OWEN COYLE has opened up about the fateful phone calls which lead to him accepting the Celtic manager’s job and then ultimately turning it down.

Coyle, who is now out of football after an ill-fated stint with Ross County has come clean on the conversations that went on behind the scenes in the immediate aftermath of his Burnley side winning promotion to the Premier League.

Celtic were in transition and needed a new manager after Gordon Strachan left the Parkhead hot seat and like all managerial appointments since Martin O’Neill – they all have to go through majority shareholder Dermot Desmond.

The Irish Billionaire has the final say on who comes in to manage Celtic and it’s then up to Peter Lawwell to do the deal.

Having watched Coyle take Burnley from Championship no-hopers to Premier League promotion, Desmond made the call and Coyle responded positively.

“I spoke to Dermot (Desmond), Peter (Lawwell) and John Reid. He was chairman at the time.” Coyle told SunSport.

“I’ve got to say I went in there and I thought that was it.

Listen, I’m Celtic through and through that will never change.

“We chatted for about an hour and Dermot came back and said ‘Listen Owen I want to offer you the chance to manage Glasgow Celtic.’ And I said ‘yeah, yeah I’ll take it.’

“I was like a little boy again. It was my team and everything else.

“He (Dermot) said great, obviously we need to speak to Burnley and see what happens from there.
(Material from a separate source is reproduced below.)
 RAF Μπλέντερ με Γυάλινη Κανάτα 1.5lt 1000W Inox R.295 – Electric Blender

Coyle then started to get cold feet and obviously had people at Burnley in his ear. The chance to manage in the Premier League became as much of a pull as managing his boyhood heroes.

The manager admitted the emotional torment he felt and the phone call where he turned down the Celtic job is something that still stays with him.
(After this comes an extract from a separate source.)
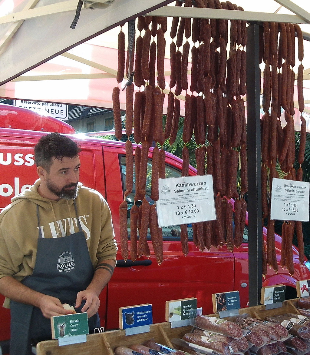 An diesem Stand gibt es auch Südtiroler Kaminwurzen-Salami zu kaufen. Karte der Kalterer Region.

“When you are a coach or a manager that is the team you love, that’s the team you want to be involved with.

“But I was in the best league in the world. I was in the Premier League and I was going to be playing against Chelsea, Manchester United and everything else that goes with it.

“I was at a really good club with good people and I had to be fair with that as well.
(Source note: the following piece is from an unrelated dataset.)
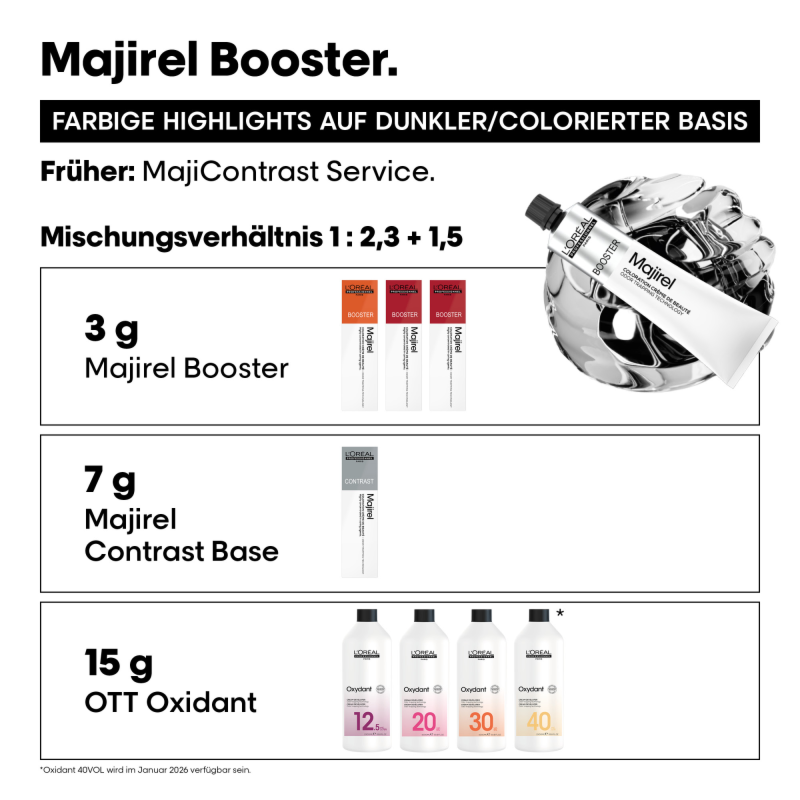 Die Booster werden immer in Kombination mit einer Majirel-Nuance und dem passenden Oxidant (12,5Vol, 20Vol oder 30Vol) angewendet. Auf Ansatz, Längen und Spitzen auftragen und 35 Minuten ohne Wärme einwirken lassen. Nach der Einwirkzeit sorgfältig emulgieren, gründlich ausspülen und das passende Pflegeprotokoll (z. B. Metal DX oder Vitamino Color Spectrum) anwenden.

“Ultimately when we came back we had to go through all of that and I remember ringing Dermot on the Wednesday night. I think it was the Champions League Final in Rome.

“I can’t say I wasn’t emotional because I was.

“I said I never ever thought I would utter these words but I can’t take the job.”

Dermot Desmond then turned to Tony Mowbray for the Celtic hot seat. Mowbray didn’t last the season at Celtic and caretaker boss Neil Lennon stepped in; the rest is, as they say, as history.